Wills and Probate Jargon Explained
Published by Property Saviour
The UK's No.1 Fast House Sale Company
July 10, 2016 - Read time: 3 minutes
Wills and Probates Jargon Explained: Learn the complex legal terms when discussing Wills and Probate
It is highly unlikely that you will know the terminology that is used to discuss Wills and Probates? After all, why would you? These complex legal terms are not used in our day-to-day language. However, you can learn the main terms that are often used, and what they mean so that you are knowledgeable when you have to discuss Wills and Probates.
Administrator – An administrator is someone who is responsible for dealing with financial affairs of the deceased when a Will does not exist. Often it is a solicitor, a close family member or friend.
Affidavit – A legally written paper, signed under oath in presence of a solicitor, which allows you to claim the property as an inheritor or beneficiary.
Assets – Valuable things that have been left behind by the deceased person. These can include art, cars, property, shares, business interests, land, bank accounts, jewellery and other valuable possessions.
Attestation – The witnessing of signing of a Will to confirm its authenticity.
Beneficiary – A person or organisations that will be the beneficiary from the estate of the deceased person.

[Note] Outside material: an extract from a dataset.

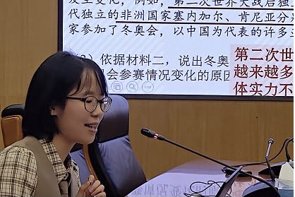 首先,初三备课组的李帅老师讲解中国冰雪活动相关题目。题目需要调动多种能力,如准确概括材料、结合课内知识点分析、置于历史情境中综合思考等,应夯实学生知识基础。

Bequeath – To leave or give away money or property by Will to beneficiaries.
Bequest – A gift that left in a Will to a beneficiary or several beneficiary i.e. grand children left a property.
Chattels – These are the personal belongings of the deceased in common law systems. Typically these can include movable property such as cars, domestic animals, jewellery, furniture and any other tangible items that can be moved.
Codicil – This is a document that makes minor changes to a Will without having to draft a new one for example one could change the beneficiaries or the percentage distribution amongst the beneficiaries.
Crown – The Treasury; part of the government. If the deceased person has left no Will and there is no family, then their estate goes to the Crown.
Estate – This is the collective term for the assets and chattels that are owned.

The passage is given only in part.